Number of wins by tour
- Ladies European Tour: 1
- Epson Tour: 1

Best results in LPGA major championships
- Chevron Championship: T66: 2012
- Women's PGA C'ship: T57: 2011
- U.S. Women's Open: T36: 2013
- Women's British Open: T11: 2011
- Evian Championship: 70th: 2014

= Dewi Claire Schreefel =

Dutch professional golfer

Dewi Claire Schreefel (born 12 November 1985) is a Dutch professional golfer currently playing on the LPGA Tour and formerly on the Futures Tour.

==Early life==
Schreefel was born in Alkmaar, Netherlands on 12 November 1985. She resides in the village of Diepenveen located within the municipality of Deventer. Her father is Indonesian and her mother is Dutch.

==Amateur career==
As a junior player, Schreefel won the Dutch Stroke-Play Championship five times, in 1999, 2000, 2002, 2003 and 2004. She also won the 2004 Italian Women's Amateur Championship and the Dutch Match-Play Championship. She attended the University of Southern California where she was a member of the 2008 NCAA National Championship winning team, was the 2006 NCAA Individual champion, a three-time All-American and finished in the top-10 14 times. She had three wins during her college career. She graduated with a bachelor's degree in sociology.

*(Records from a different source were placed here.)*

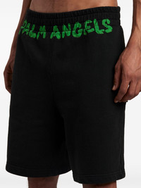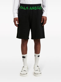 logo-print cotton track shorts Highlights - Black/green - Cotton - Logo print to the front - Elasticated waistband - Two side inset pockets - Straight hem Made in Italy Composition Cotton 100% Washing instructions Dry Clean Only
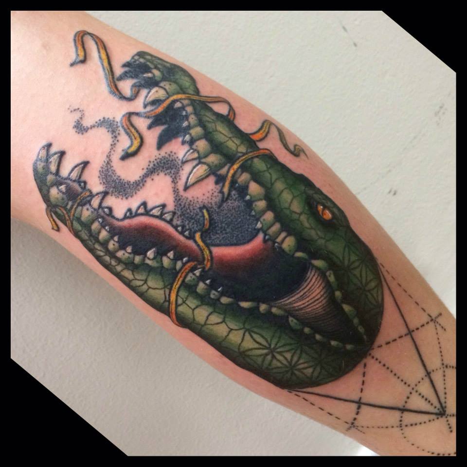neo traditional crocodile color tattoo
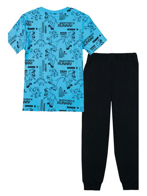 Комплект: футболка и брюки. Выполнен из эластичного и приятного на ощупь трикотажа. Брюки с карманами в боковых швах. Эластичный пояс со шнурком. Эластичные манжеты по низу брючин. Высокое содержание хлопка 95%. Благодаря наличию эластана в составе ткани изделие держит форму и меньше мнется
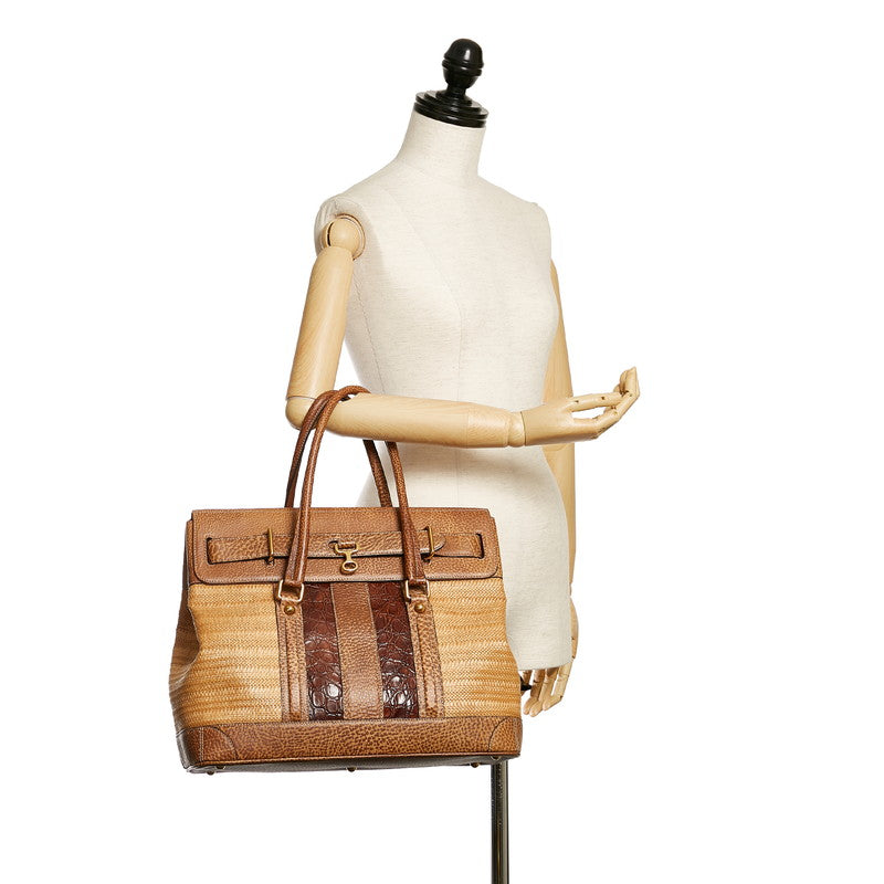 グッチ トートバッグ 223941 ブラウン ベージュ レザー ストロー レディース GUCCI 【中古】
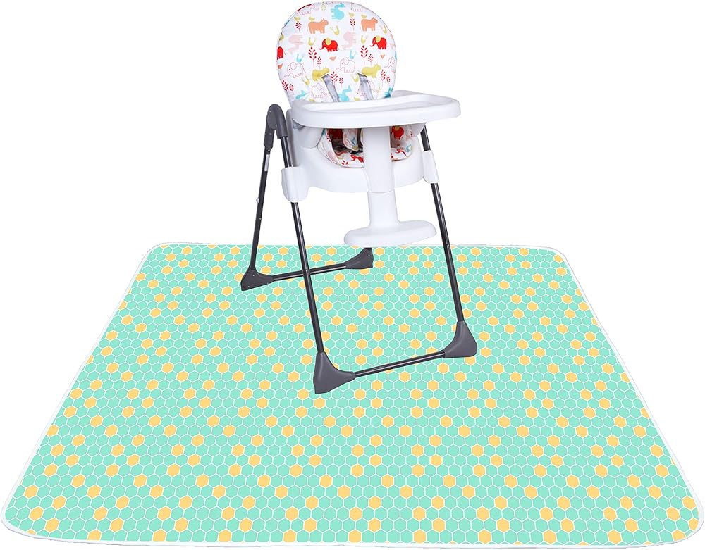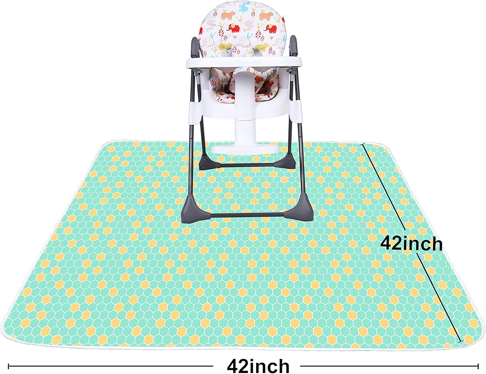 - مقاس كبير - 42 بوصة × 42 بوصة. ستغطي السجادة الكبيرة منطقة التنظيف الموجودة أسفل كرسي طفلك المرتفع بسهولة.
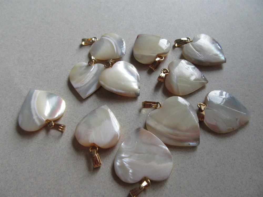 Eleven vintage 1970's genuine mother of pearl tropical heart pendants lot featuring hand painted palm trees and sunset. Each is unique in design. Never used. Some have some wear. You can also scrap all the paint off and just have a plain mother of pearl heart.
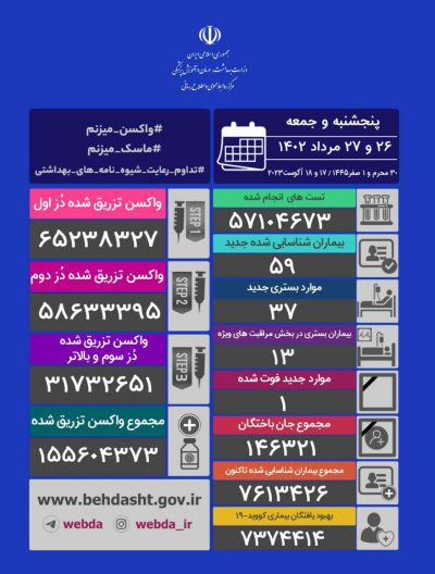 فوت یک بیمار و شناسایی ۵۹ مبتلای جدید کرونا در کشور
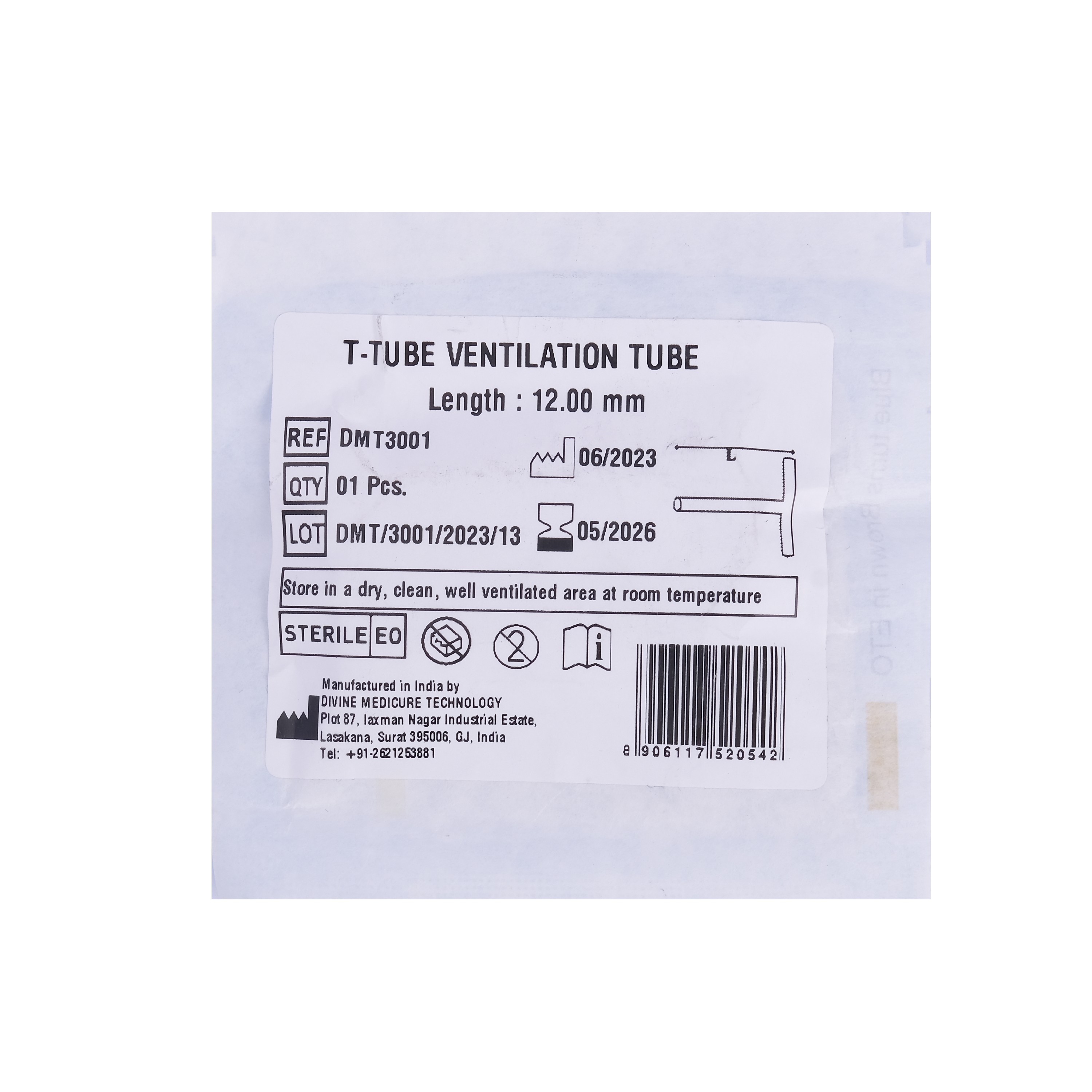 • T-shaped tube used for middle ear ventilation, featuring dual flanges for stable positioning. Indian origin
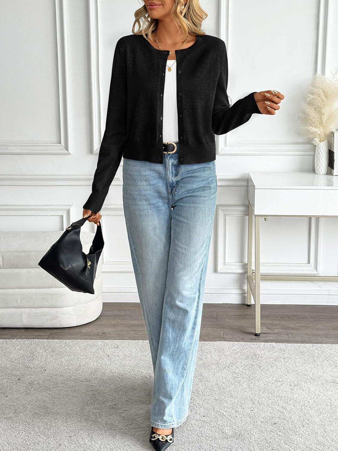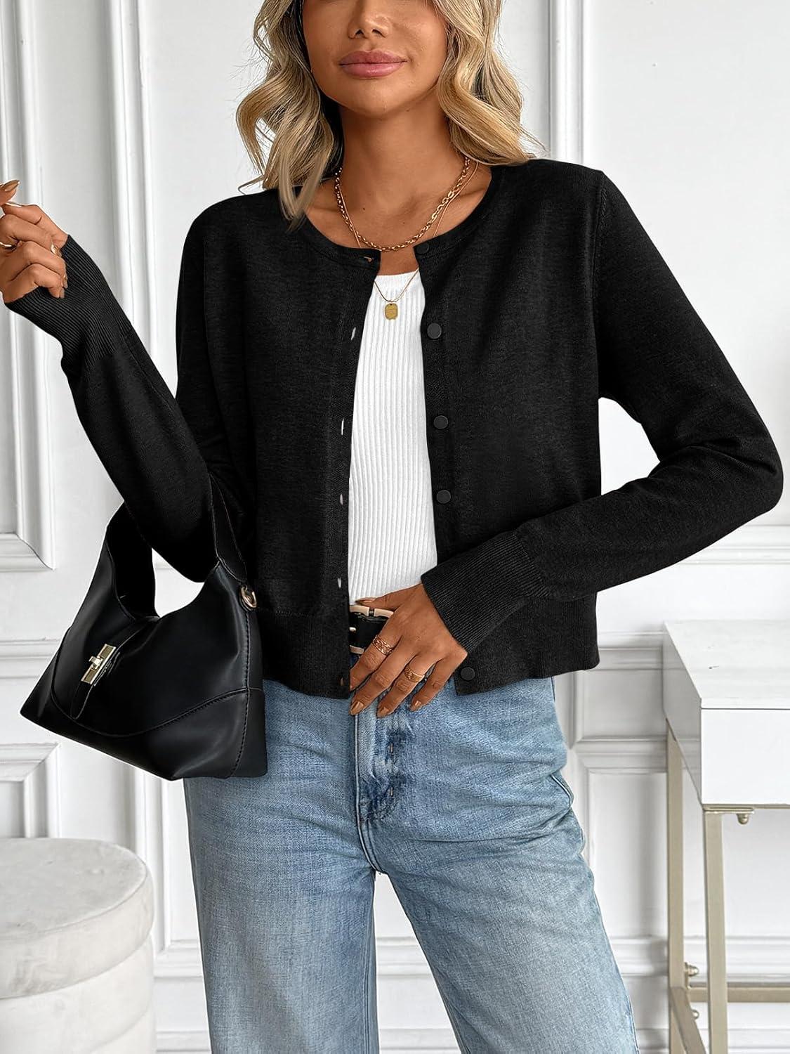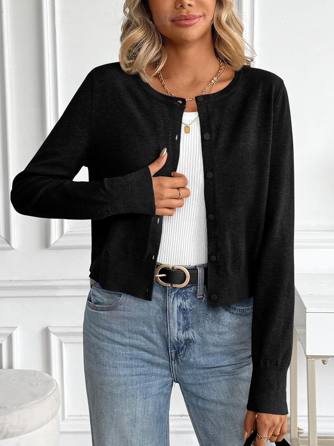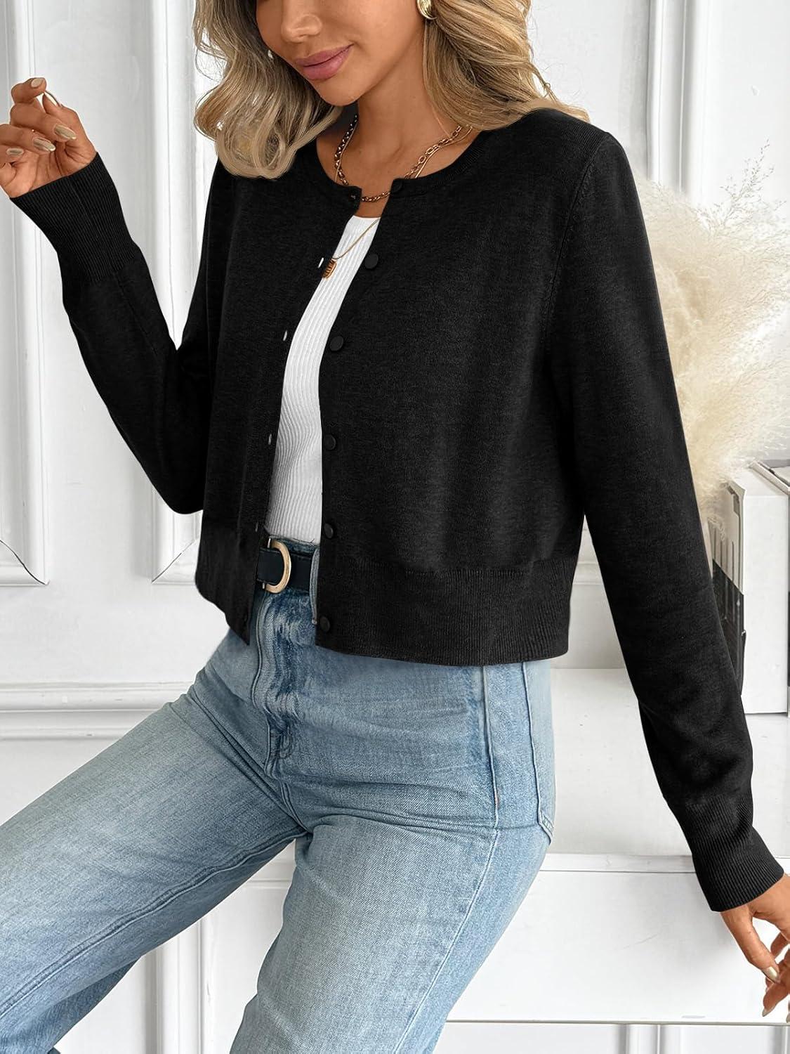 LILLUSORY Womens Cropped Cardigan Crew Neck Lightweight Crop Sweaters Fall Cute Button Down Knit Clothes 2025(Black)
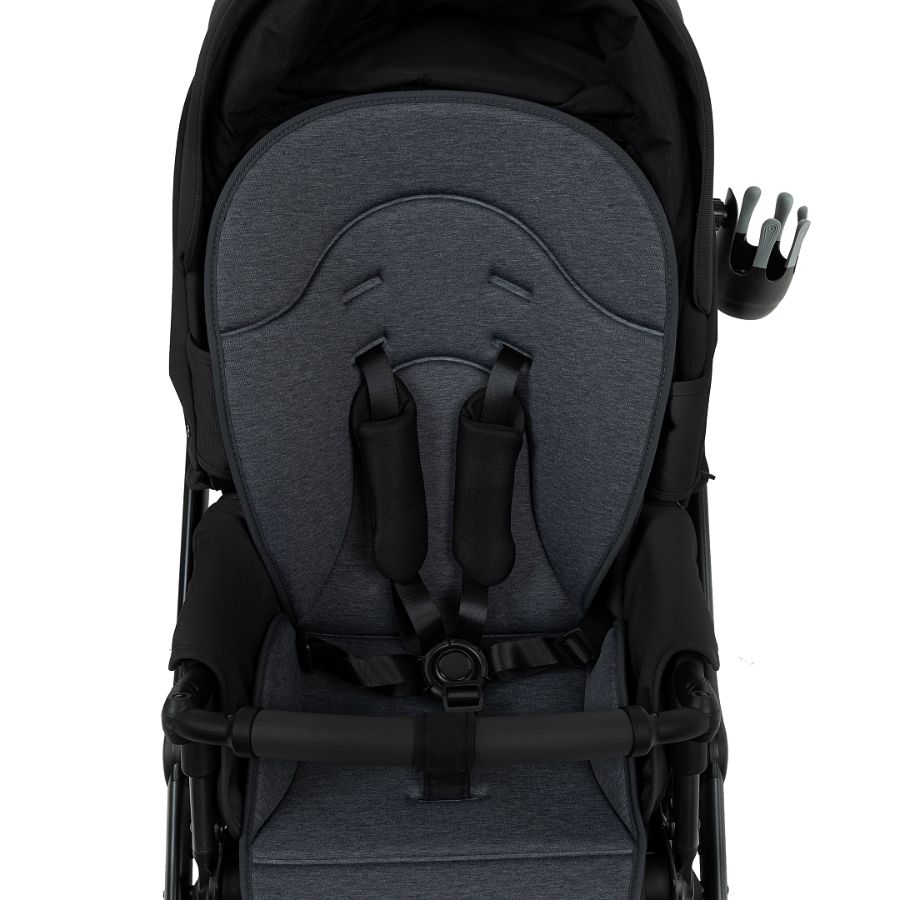 - Прогулочный блок имеет пятиточечные ремни безопасности и бампер-ограничитель с отделкой из экокожи. Бампер можно отсоединить с одной стороны и просто откинуть для удобства посадки ребенка.
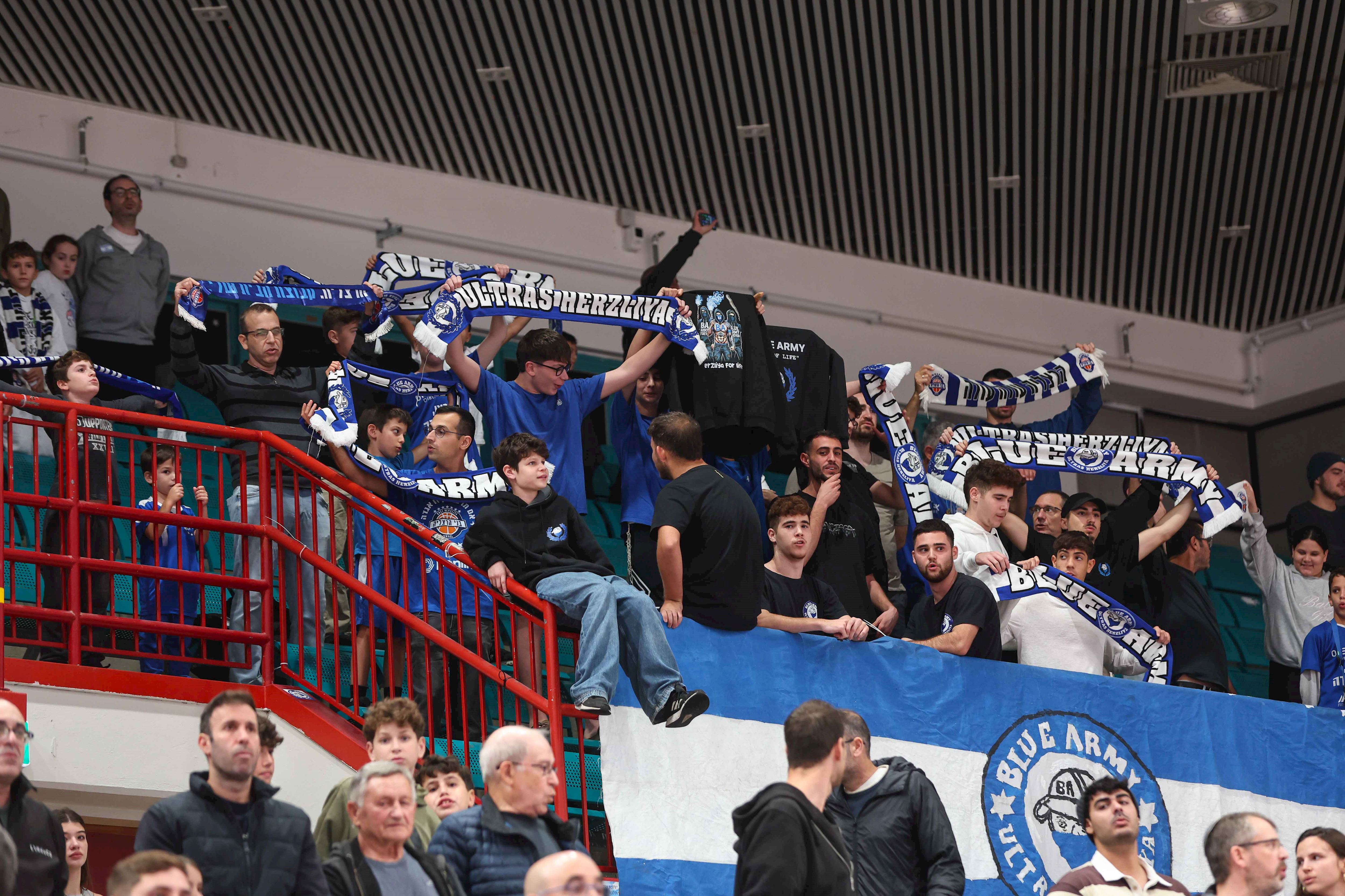אוהדי רעננה הגיעו לאולם מטרווסט (צילום: לירון מולדובן)
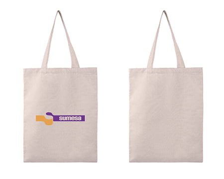 Bolsa 100% de algodón con asa. Peso máximo de carga 10 kgs. Medidas: 35 x 39.5 cm
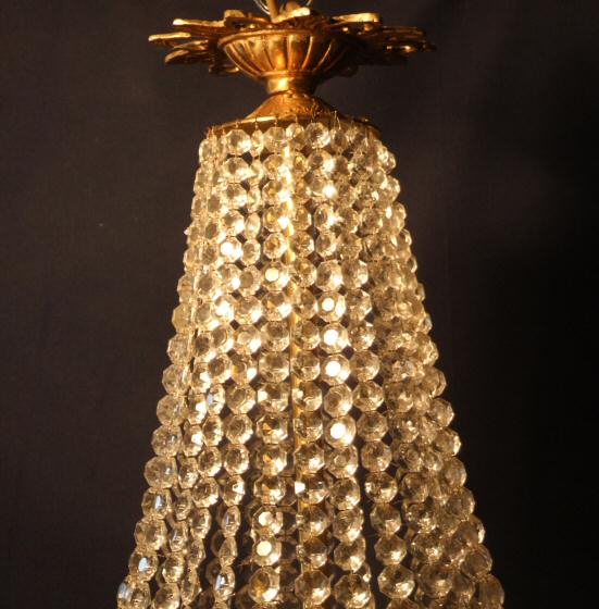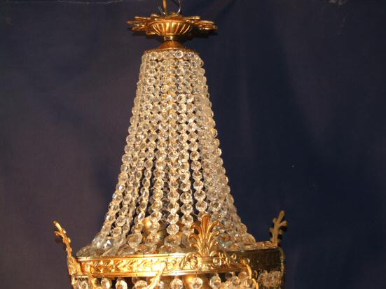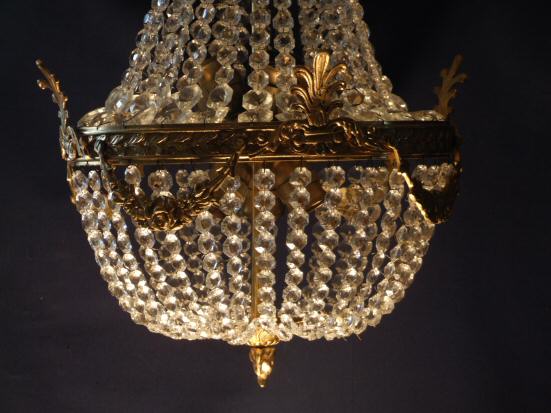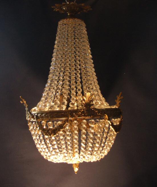 Stunning Large Antique Empire style purse chandelier This absolutely fabulous example of antique Empire style chandelier oozes grace and quality. The highly polished brass frame is dressed with ribbon swags, the brass ceiling rose large and impressive allows this to be hung directly to a ceiling hook or to have chain added to allow it to be placed at the desired height. Large and impressive this certainly makes a statement. The neck is elegant and long, the purse shape full and sparkling loaded with graduated hexagonal crystals. Beautiful from which ever angle it is viewed at. Rewired and ready to install. Width 17" Height 26.5" minimum plus chain and ceiling rose £795 (Ref : CHA623) Email Us for a delivery quote : Click Here

Schreefel was part of the Dutch team finishing silver medalists at the 2008 European Ladies' Team Championship after host nation Sweden at Stenungsund Golf Club. She also played for the Netherlands five times in a row at the Espirito Santo Trophy, last time in 2008 in Adelaide, Australia.

==Professional career==
In 2008, Schreefel turned professional. She joined the Futures Tour on 27 January 2009. She had one win on the Futures Tour in her rookie season and finished tenth on the season-ending money list to earn LPGA Tour status for 2010, although she was unable to gain entry into any LPGA events in 2010 because of her low status on the LPGA priority list and she played a second full season on the Futures Tour that year. She finished tied for fourth place in the LPGA Final Qualifying Tournament on 12 December 2010 to earn full playing status on the LPGA for 2011.

==Professional wins (2)==

===Ladies European Tour wins (1)===

| No. | Date | Tournament | Winning score | Margin of victory | Runner-up |
|---|---|---|---|---|---|
| 1 | 7 Sep 2014 | Helsingborg Open | −17 (67-70-68-66=271) | 7 strokes | AUS Rebecca Artis |

===Futures Tour wins (1)===

| No. | Date | Tournament | Winning score | Margin of victory | Runners-up |
|---|---|---|---|---|---|
| 1 | 19 Jul 2009 | ING New England Golf Classic | −8 (69-64-69=202) | 3 strokes | KOR Aimee Cho, USA Hannah Jun, AUS Kristie Smith |

==Results in LPGA majors==
Results not in chronological order before 2015.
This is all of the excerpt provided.